Pundaknya berjengit menghindari sentuhan tangan Mahesa yang mencoba mengelus leher jenjangnya. Terasa geli dan aneh bagi Athalia yang tak pernah merasakan sentuhan dari laki-laki dewasa.
Mahesa tersenyum menang. “Baiklah. Tampaknya kau sudah sangat tidak sabar ingin segera mendesah di atas ranjangku,” ejeknya membuat Athalia mendengus dan mengalihkan pandangan ke samping.
Menyeringai tipis, Mahesa memindai wajah Athalia yang begitu polos. Wajah yang meski jarang terpoles oleh make-up tebal, tetapi masih menampilkan kesan cantik yang unik.
Tangannya mengambil sebuah kartu di dompet, lalu memberikannya pada Athalia.
“Itu kartu namaku. Di sana ada alamat apartmenku. Kalau kau ingin semua dilakukan secepatnya, maka datanglah malam ini. Mulai nanti malam kau sudah bisa bekerja sebagai teman tidurku,” ucap Mahesa.
Athalia menerima kartu nama itu dengan tangan yang agak bergetar. Meski hati kecilnya sangat menentang apa yang ia putuskan saat ini. Tetapi Athalia tetap harus melakukannya untuk Yasna.
Mata bulatnya melekat pada kartu nama yang tadi disodorkan Mahesa. Tiba-tiba Athalia menelan ludahnya berat, benaknya membayangkan apa yang akan terjadi nanti malam dengan dirinya?
“Kenapa kau terlihat gugup? Kau tahu ‘kan, sekali kau memutuskan maka kau tidak akan pernah bisa membatalkannya.” matanya mengamati keresahan yang tergambar jelas di wajah Athalia.

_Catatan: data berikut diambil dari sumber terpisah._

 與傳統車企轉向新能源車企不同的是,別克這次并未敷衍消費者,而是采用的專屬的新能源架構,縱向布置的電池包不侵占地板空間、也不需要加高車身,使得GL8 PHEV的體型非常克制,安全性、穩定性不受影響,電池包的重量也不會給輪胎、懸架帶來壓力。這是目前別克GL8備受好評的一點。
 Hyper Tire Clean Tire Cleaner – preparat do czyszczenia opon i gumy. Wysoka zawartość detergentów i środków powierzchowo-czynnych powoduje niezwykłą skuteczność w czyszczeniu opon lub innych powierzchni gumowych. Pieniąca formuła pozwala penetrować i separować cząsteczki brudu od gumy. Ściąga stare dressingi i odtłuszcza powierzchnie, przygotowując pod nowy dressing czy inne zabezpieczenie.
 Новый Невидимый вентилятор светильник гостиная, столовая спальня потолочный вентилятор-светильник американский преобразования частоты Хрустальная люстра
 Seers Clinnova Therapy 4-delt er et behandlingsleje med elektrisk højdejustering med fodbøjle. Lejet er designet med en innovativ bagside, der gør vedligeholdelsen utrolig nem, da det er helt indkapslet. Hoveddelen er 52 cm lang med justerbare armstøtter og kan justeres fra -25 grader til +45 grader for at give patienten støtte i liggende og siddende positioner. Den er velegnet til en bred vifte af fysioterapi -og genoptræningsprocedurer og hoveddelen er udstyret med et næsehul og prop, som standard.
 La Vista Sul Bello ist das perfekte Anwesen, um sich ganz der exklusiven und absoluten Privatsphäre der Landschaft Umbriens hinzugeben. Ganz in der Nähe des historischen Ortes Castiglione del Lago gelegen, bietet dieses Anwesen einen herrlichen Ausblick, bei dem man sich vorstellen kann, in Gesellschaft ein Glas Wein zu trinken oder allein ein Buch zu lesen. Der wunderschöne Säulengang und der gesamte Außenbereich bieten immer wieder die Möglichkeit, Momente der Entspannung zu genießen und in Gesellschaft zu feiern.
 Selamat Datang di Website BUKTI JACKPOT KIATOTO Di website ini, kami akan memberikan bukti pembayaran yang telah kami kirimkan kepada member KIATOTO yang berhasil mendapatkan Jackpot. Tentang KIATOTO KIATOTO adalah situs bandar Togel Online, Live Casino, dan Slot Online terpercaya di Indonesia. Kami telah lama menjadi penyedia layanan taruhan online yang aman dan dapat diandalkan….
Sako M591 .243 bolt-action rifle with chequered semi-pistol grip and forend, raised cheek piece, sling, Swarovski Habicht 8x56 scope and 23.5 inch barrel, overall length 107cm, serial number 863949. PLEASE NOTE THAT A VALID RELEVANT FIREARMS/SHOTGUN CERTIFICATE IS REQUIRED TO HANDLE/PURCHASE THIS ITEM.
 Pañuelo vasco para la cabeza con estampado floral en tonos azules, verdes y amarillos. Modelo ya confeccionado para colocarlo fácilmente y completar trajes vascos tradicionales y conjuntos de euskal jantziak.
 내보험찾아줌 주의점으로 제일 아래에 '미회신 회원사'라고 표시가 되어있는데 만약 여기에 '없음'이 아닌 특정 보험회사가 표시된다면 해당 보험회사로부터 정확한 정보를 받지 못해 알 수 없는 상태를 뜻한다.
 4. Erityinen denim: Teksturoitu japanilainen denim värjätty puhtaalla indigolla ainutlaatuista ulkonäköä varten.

“Selama satu bulan penuh, tubuhmu adalah milikku. Dan tugasmu adalah menghangatkan ranjangku,” bisik Mahesa, mengelus leher jenjang Athalia dengan gerakan seringan bulu. Membuat Athalia sejenak memejamkan mata.
Ingin rasanya ia menghindar, tetapi sialnya Athalia tak bisa melakukan itu.
Hembusan napas lelaki itu di kulit pipinya membuat Athalia bergidik.
“Lalu… bagaimana dengan pekerjaanku? Apa aku tetap dipecat?”
Mahesa tertawa pelan.
“Jika aku memecatmu, lalu siapa yang akan melayani hasratku saat aku di kantor? Aku membayarmu bukan hanya untuk dipajang di apartmenku. Tapi untuk melayaniku selagi aku menginginkanmu dimanapun dan kapanpun.”
Athalia sedikit terhenyak.
Dimanapun dan kapanpun katanya? Bagaimana jika Mahesa meminta dirinya di tempat dan waktu yang tak terduga?
“Apa kata-kataku cukup jelas untuk kau pahami, Athalia? Kau mengerti dengan yang aku maksud?”
Athalia mengangguk pelan. Itu artinya ia tidak jadi dipecat. Tapi kabar buruknya, bukan tidak mungkin Mahesa akan memanggilnya sewaktu-waktu ke ruang kerja lelaki itu, hanya untuk menuntaskan hasratnya yang seperti kuda liar.
“Aku mengerti.”
“Bagus! Sekarang keluarlah dan lakukan pekerjaanmu seperti biasa.” sebelah tangan Mahesa mengibas di depan Athalia.
Athalia baru akan berbalik ketika Mahesa mendudukan dirinya kembali di kursi kerjanya. Namun saat tangan Athalia hendak mengayunkan daun pintu, suara baritone itu terdengar memanggilnya.
“Athalia!”
Athalia menoleh, menatap dengan raut penuh tanya.
“Iya Tuan?”
Mahesa tidak langsung menjawab. Ia tampak berdeham sejenak, sebelum kemudian bicara.
“Saat datang ke apartmenku nanti malam, pakailah gaun yang seksi!”
Seketika bola mata Athalia membeliak lebar.
***
“Athalia. Kau mau pergi ke mana? Tidak biasanya kau dandan malam-malam begini?”
Spontan Athalia menghentikan gerakan tangannya yang sedang mengoles lipstick di depan cermin, ketika tiba-tiba Dian datang dan memergokinya di dalam kamar.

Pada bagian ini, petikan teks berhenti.